In this post we will explore the implementation difficulties and how a data lake fits into the organization, topics that other articles might tend to oversee.
Data lakes, it’s all in the name. Not drops but lakes, data lakes usually holds millions to billions of different structured and unstructured data (images, emails, JSON documents). The data lake is seen as the source of truth or the "master dataset" and has many benefits.
One of these benefits are schema on read, which boils down to just storing the data and then when doing analytics build your schema and read from it. You don’t need to know the schema and won’t be constrained to it when writing. This gives a lot of flexibility for you to ask questions later and draw meaningful business value from the heaps of data that was collected. AWS describes most of the benefits in this post
Warning: This post is biased to building data lakes on AWS and using serverless where possible.
Designing a data lake from scratch can be a daunting task, it looks easy on paper, just dump all the data into a S3 bucket under different keys and then use Athena to run SQL-like queries on your data. Athena uses Presto for SQL like queries and Appache Hive for the schema.
Wait, now we are talking about schemas, this is where the line gets blurry between Data Lakes and Data Warehouses. Data Warehouses are more structured as they are schema on write, they require you to know relationships between data, indexes and query patterns for optimal usage.
So in order to run SQL queries on the data it must be stored in some schema/structured pattern, you can’t just dump a click stream record for example with 10 columns in one row and then 3 columns in the next row. Data needs to be semi-consistent for that part of the lake, else you will end up with a Data Swamp.
You don’t want to find yourself in the situation where you have millions of records. Then when running a SQL query that selects 10 columns just to have a single row with 3 columns preventing the query from running, good luck finding that needle.
This is also where the distinction between data lakes and warehouses are made. In a data lake you can just store raw data independent of schema, then normalize the schema by processing it and loading (ETL) it into the data warehouse for further analysis.
Then there is tenancy, there might be several reasons for grouping data in the lake. One of these being data retention, try explaining in court that you cannot delete a single tenant/client’s data because you have been found guilty of violating GDPR.
Also consider that you are paying for what you are storing, if a client leaves it might be beneficial to keep their data for a period of time, but after that the data loses its value. Data loses its value almost exponentially for certain companies.
Consider streaming data, for example when you buy something, your bank records and analyzes the transaction. This data is most useful within the first few seconds maybe minutes to do something like fraud detection.
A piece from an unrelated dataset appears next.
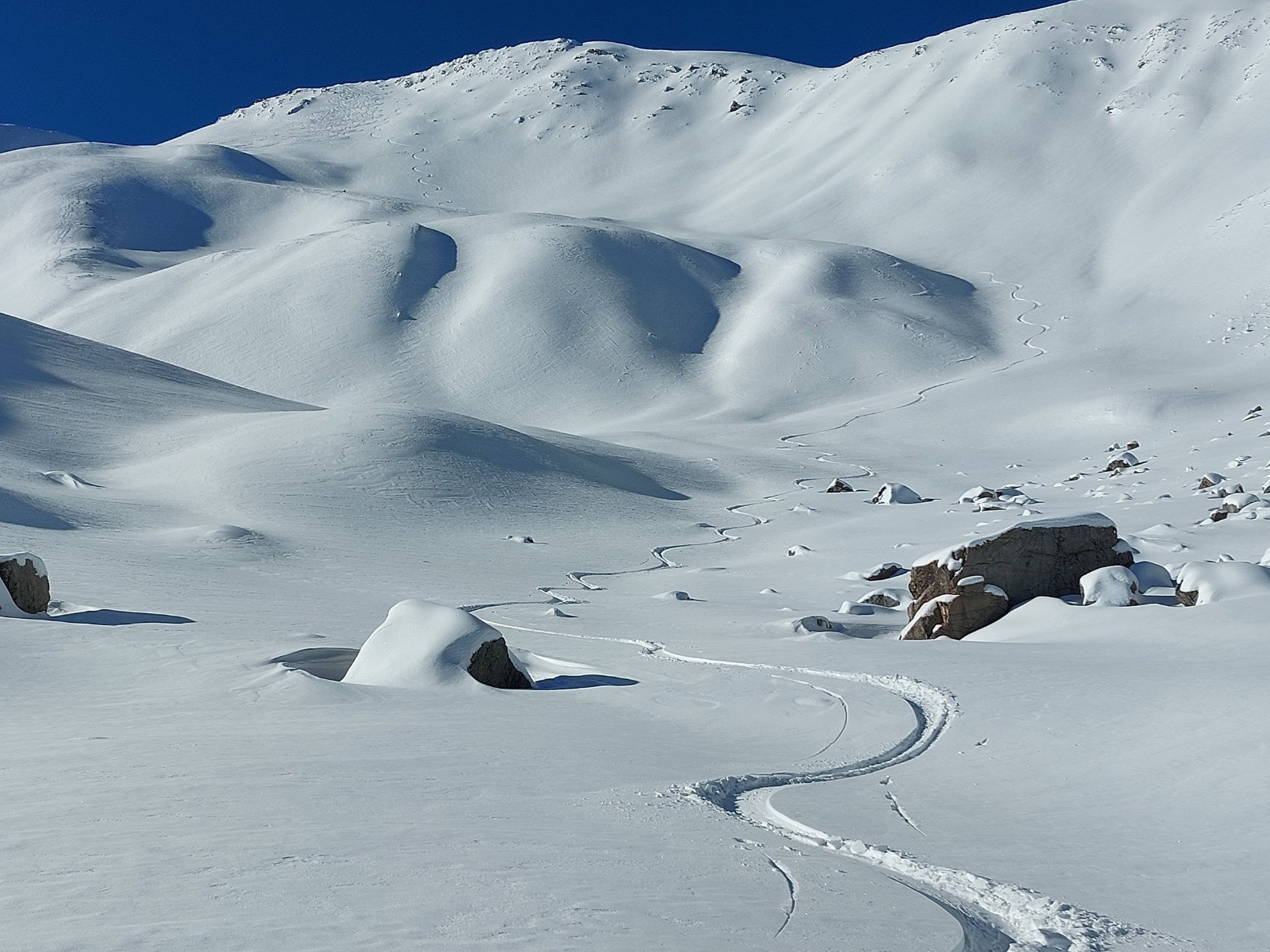 En sortant un peu des sentiers battus ont fait du bon ski surtout au dessus de 2500m et le portage est vraiment minime (ski cailloux conseillés tout de même)
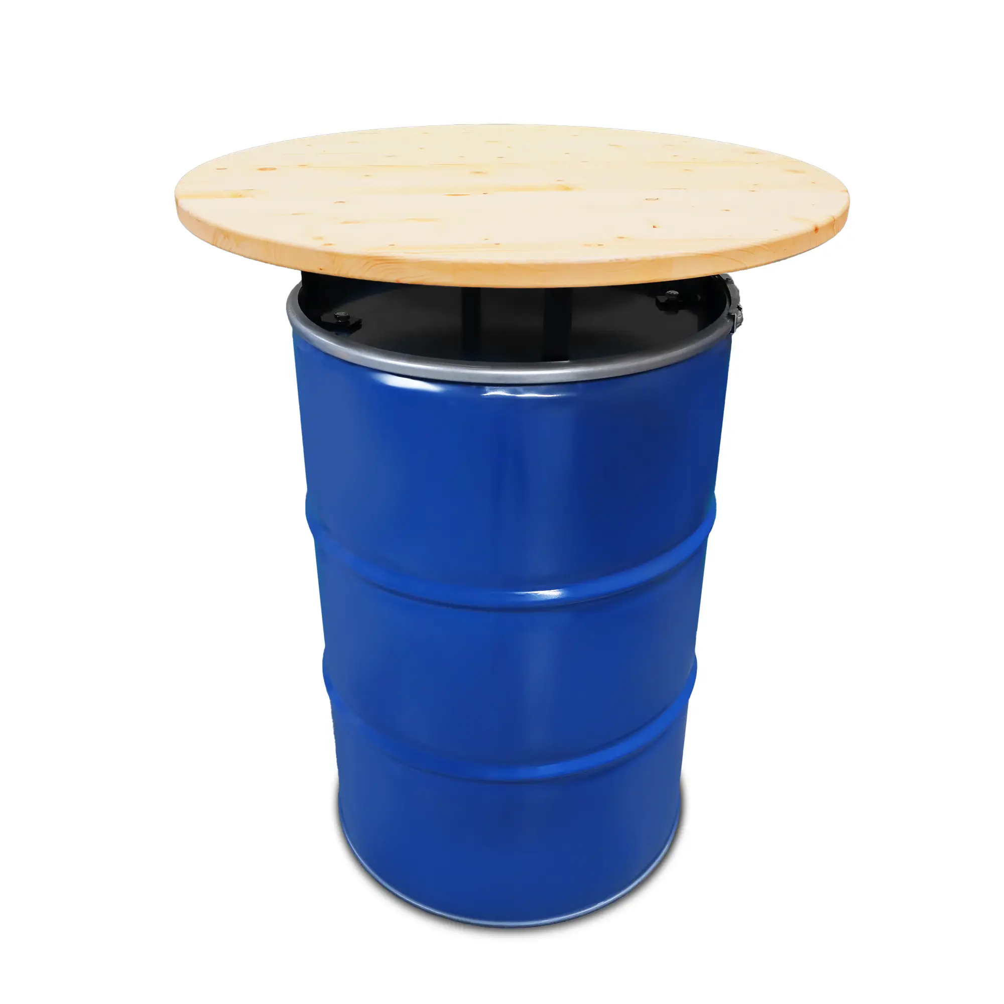 Industrieel Statafel olievat 200L met houten tafelblad.

It loses value if you get a SMS warning you about possible fraud the next day, your bank account could have been emptied by then.
So the point is, not all data is born equally important and some might retain their value while other data might not. In a data lake you usually store almost everything for analyzes in the future but this gets expensive and you might be storing data that has no value. So having methods to delete parts of the data lake is important and must be kept in mind for the design process.
Your data lake also needs to be able to distinguish between hot and cold data. This is how you will be able to identify data that has lost importance and needs to be archived for optimizing storage cost. There is no reason to keep years of user clicks in hot storage. As soon as your data retention policies are met, this data can be archived and stored for a further X amount of time before finally being deleted.
When handling personal identifiable information (name, mobile number, address, etc.) it gets even harder. The data stored needs to be fully complainant to the vast amount of regulations and compliances out there. It is not enough to have data encrypted at rest if anyone can view the data (S3 Bucket leaks). Personally identifiable information that is going to be used for long term storage needs to be anonymized or at least sudo-anonymized (partially anonymized) to be complainant. So you need process in place to do this before storing the data.
Many posts talk about data lakes and the benefits there of, not a lot talk about the implementation difficulties and how this fits into the organization. Here are some key things that make designing data lakes difficult:
- Tenancy. Many organizations are multi-tenant, meaning, one application, one DB, one Data Lake and many clients. Isolating a single tenant/client data for say updating or deleting becomes difficult at scale.
- Semi consistent/structured data must be written and the retrieval patterns must be kept in mind else you will end up with a Data Swamp.
- Archiving also falls into the tenancy problems, storing data in such a way to move it between hot and cold storage.
- Privacy, regulations and compliance. Depending on the data you are storing, part of the Lake might need to be anonymized.